What guides your artistic practice?

I’ve always been inspired by history and storytelling, which is what led me to my journalism career, where I was a writer for outlets like The Wall Street Journal and The New York Times. I've also always been moved by materials, textures, imperfections, and analog processes. And I think I’m so attracted to the tintype process because it’s an amalgamation of all those things. It's also intricate and delicate, and can only be done by someone who’s being thoughtful, focused and present. As our society keeps pursuing ways to replace human labor, it’s only going to get harder to access real objects made by real people, like a tintype. So, I try in my practice to always reflect that aspect of a human touch, while also rejecting this idea that screens need to be the primary medium for consumption.
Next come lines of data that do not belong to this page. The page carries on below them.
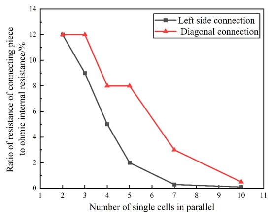 For different numbers of single cells connected in parallel to the battery pack, to ensure that the maximum deviation of the SOC between single cells is 5% as the goal, it is necessary to conduct a simulation to find the maximum value of the resistance of the connecting piece of resistance and ohmic resistance ratio. Cell-1 is for the left side of the connecting structure of the parallel connection, Cell-2 is for the center of the connecting structure of the parallel connection, and the results of the simulation are shown in Figure 14. It can be seen that as the number of parallel connections of the number of single units increases, the resistance of the connecting piece of the resistance value of the requirements of the gradual increase in value, along with the number of single units connected to the parallel connection. After the number of monomers on one side of the connection structure exceeds seven, it is necessary that the resistance value of the connecting piece is not higher than 1% of the internal resistance of the battery, and the ratio of the center-connected structure decreases more slowly. The battery ratio of the center-connected structure shows a stepwise decrease, because when designing for an even number of monomers connected in parallel, the center-connected structure takes any one of the two monomers in the middle, and then the maximum difference in the resistance value of the connecting piece is similar to that of an odd number of monomers, and the simulation results are therefore similar. Because of the unilateral connection structure, every time the number of monomers increases, it will bring an increase in the maximum difference of the resistance of the connecting piece of the monomer battery, so the ratio continues to decline. Therefore, it is suggested that, when using the single-side connection structure, the number of parallel monomers should not be more than seven as far as possible, and the influence of the connection structure on the consistency of the battery pack can be reduced by adjusting the resistance value of the connecting tabs; when using the central connection structure, an odd number of monomers can be considered, which can obtain a larger capacity without destroying the consistency.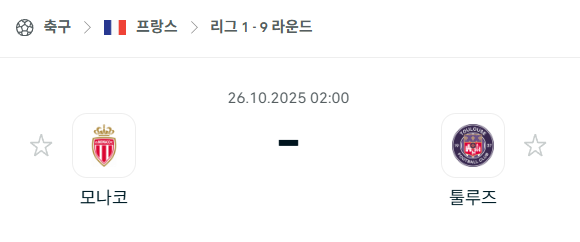 [프랑스 리그앙] 2025년10월26일 AS 모나코 vs 툴루즈 분석 중계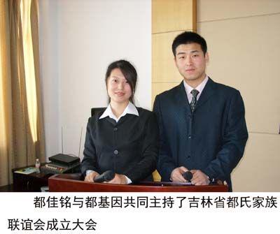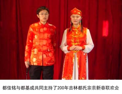 09年元旦,吉林省首届都氏宗亲新年联欢会在美丽的江城吉林市召开,参加此次联欢会的吉林省都氏宗亲达到80多人。很荣幸,我担负了这次联欢会的主持任务,这对身为都氏子孙的我是莫大的荣耀。从此,我也参与到家族事务中来,并积极为家族事业做出着自己的努力。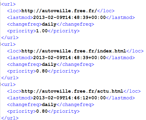 VoilĂ un des XML que j’ai crĂ©e, c’est le sitemap d’AUTOVEILLE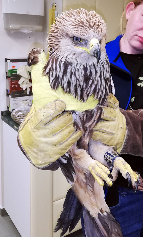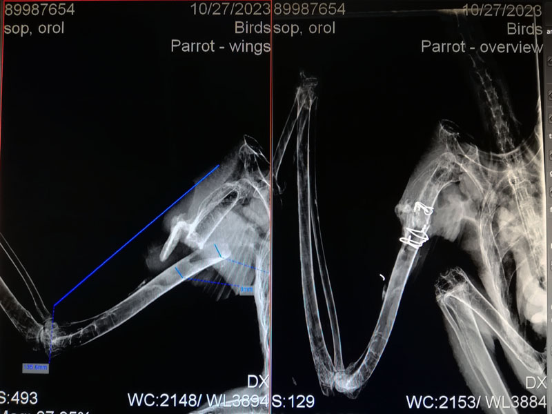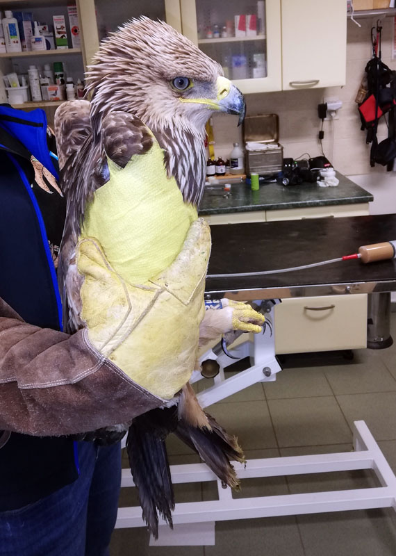 Pacientom bol mladý Orol kráľovský. Otrávil sa jedom na potkany, keď požral priotrávené hlodavce. Ako bol oslabený, zrazilo ho auto a utrpel zlomeninu ramennej kosti. Keď sa trochu pozviechal z otravy, bolo treba rýchlo zoperovať krídlo.

Something I’m always considering in my work is: How can materials, textures, formats, and processes work together in service of a narrative?

Tell me a little bit about how long the project has been going and its roots in your practice.

I formally started on this project earlier this year, but I've been wrestling with the idea for quite some time. I always knew I wanted to document the techno world in some way, but when Dweller made their announcement post for the festival this past year, it kind of clicked in my head. I was like, “Oh, it'd be sick to try to combine the format of tintype with this long history of Black artists and Techno.” I pitched Dweller on the idea, and they actually commissioned me and gave me access to Nowadays, Paragon and Basement. I was able to set up and shoot with those artists. Since then it's snowballed really quickly from Dweller to Movement to now Berlin.

DJ Minx

You were already doing tintype photography of people who work in Tech or AI, right?

Yes, I started in 2020. I was always drawn to process-oriented formats and the materiality of [tintype] and the fact that it's a tangible thing. Every time you take a photo, you get immediate feedback. You can hold it and feel it. So I was learning in my bathroom at home. We had a spare one, so my roommates let me really fuck up the bathroom. There were chemical stains everywhere. It was pretty nasty.

But at that time I was doing this separate project, portraits of artists who are redefining creativity by using digital formats. I wanted to do a portrait project using tintype because it's contrasting this super old format with these people on the cutting edge.

It's interesting contrasting digital artists and the tintype format. Is it a similar idea with techno, in terms of the juxtaposition of this very high tech industrial music and this older format?

It’s a lot of things. One of the connections, I would say, is the process-oriented nature of tintypes and DJing. I think both of them require a level of focus, presence and precision that I think is maybe unique to both practices. There's a level of real-time feedback that you see in the crowd, and that you see in the photo instantly.

So I saw some alignment between those two kinds of concepts. And then also the historical nature of tintype. It’s one of the first-ever photo formats. It's a result of people experimenting and trying to find a better, more efficient, easier way to take photos in the same way that techno is the result of people experimenting with machines and how to push sound forward. How can we take what we have and create something new that's bigger?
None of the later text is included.